→ The problem: Copy out the data exactly as it appears, without a single image.

→ Dataset section:
────────────────
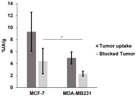 2.4. Biodistribution in Nude Mice Bearing MCF-7 and MDA-MB231 Human Breast Cancer Xenografts
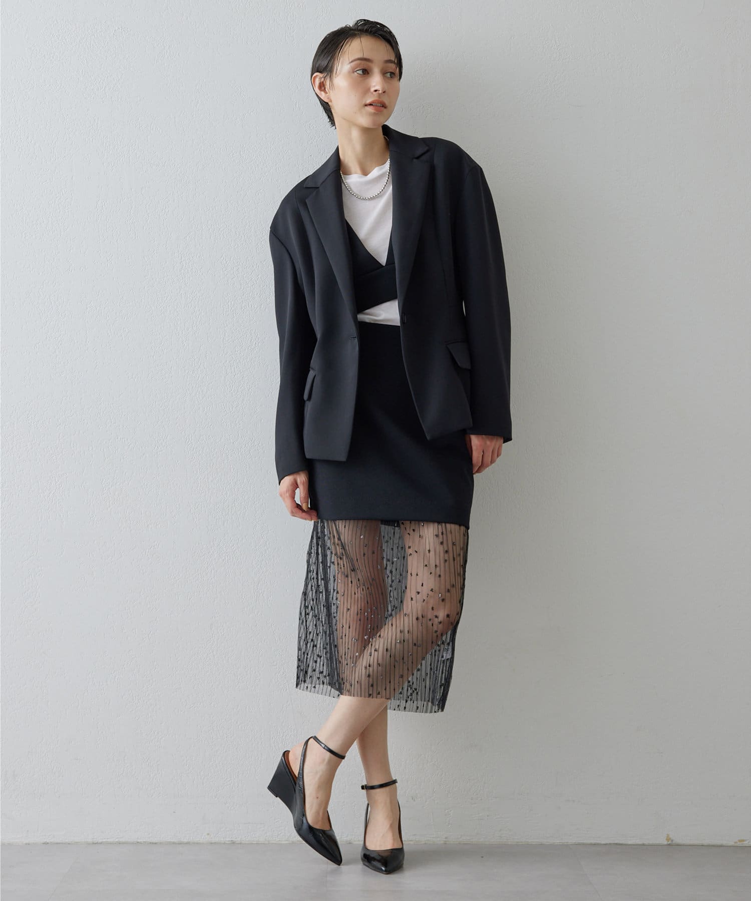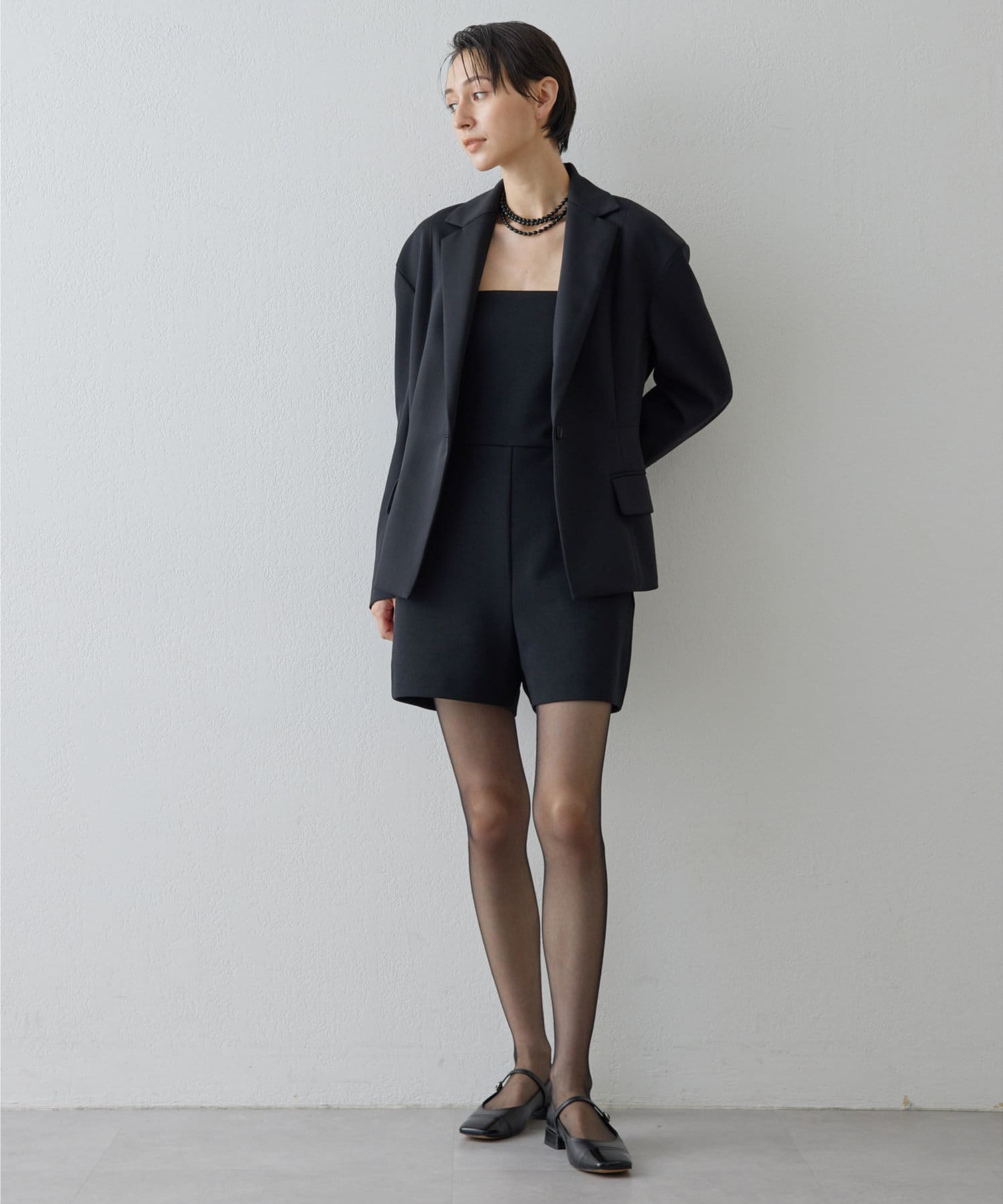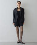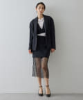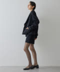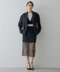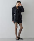 ■メンズライクなテーラードジャケットをベースに、着丈をカットしウエストからヒップにかけ絞りを入れ曲線的なラインをプラス。
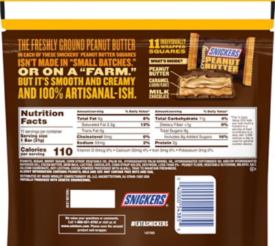 Snickers nutrition label. SNICKERS Bar nutrition facts and analysis. SNICKERS Bar contains 5.2 g of saturated fat and 7.4 mg of cholesterol per serving. 57 g of SNICKERS Bar contains 26.22 mcg vitamin A, 0.3 mg vitamin C, 0.00 mcg vitamin D as well as 0.41 mg of iron, 53.01 mg of calcium, 184 mg of potassium. SNICKERS Bar belong to 'Candy containing chocolate' food category. Snickers Nutrition Facts, Ingredients, Calory, Carb, Sugar Dec 7, 2021 · Snickers Nutrition Facts Nutrition Facts servings per container Serving size 1 Bar (2 oz) (57g) Amount per serving Calories 280 % Daily Value* Total Fat 14g 18% Saturated Fat 5.2g 26% Trans Fat 0g Cholesterol 7.4mg 3% Sodium 136mg 6% Total Carbohydrate 35g 12% Dietary Fiber 1.3g 5% Total Sugars 29g Includes 25g Added Sugars 50% Protein 4.3g SNICKERS Ice Cream Bar, 2.8 oz | SNICKERS® 21 g Includes Added Sugars 17 g 34% Protein 4 g Vitamins | Minerals: % Daily value Vitamin D 0% Calcium 6% Iron 0% Potassium 4% The % Daily Value (DV) tells you how much a nutrient in a serving of food contributes to a daily diet. 2,000 calories a day is used for general advice.
────────────────
→ Solution for this task:
 2.4. Biodistribution in Nude Mice Bearing MCF-7 and MDA-MB231 Human Breast Cancer Xenografts
 ■メンズライクなテーラードジャケットをベースに、着丈をカットしウエストからヒップにかけ絞りを入れ曲線的なラインをプラス。
 Snickers nutrition label. SNICKERS Bar nutrition facts and analysis. SNICKERS Bar contains 5.2 g of saturated fat and 7.4 mg of cholesterol per serving. 57 g of SNICKERS Bar contains 26.22 mcg vitamin A, 0.3 mg vitamin C, 0.00 mcg vitamin D as well as 0.41 mg of iron, 53.01 mg of calcium, 184 mg of potassium. SNICKERS Bar belong to 'Candy containing chocolate' food category. Snickers Nutrition Facts, Ingredients, Calory, Carb, Sugar Dec 7, 2021 · Snickers Nutrition Facts Nutrition Facts servings per container Serving size 1 Bar (2 oz) (57g) Amount per serving Calories 280 % Daily Value* Total Fat 14g 18% Saturated Fat 5.2g 26% Trans Fat 0g Cholesterol 7.4mg 3% Sodium 136mg 6% Total Carbohydrate 35g 12% Dietary Fiber 1.3g 5% Total Sugars 29g Includes 25g Added Sugars 50% Protein 4.3g SNICKERS Ice Cream Bar, 2.8 oz | SNICKERS® 21 g Includes Added Sugars 17 g 34% Protein 4 g Vitamins | Minerals: % Daily value Vitamin D 0% Calcium 6% Iron 0% Potassium 4% The % Daily Value (DV) tells you how much a nutrient in a serving of food contributes to a daily diet. 2,000 calories a day is used for general advice.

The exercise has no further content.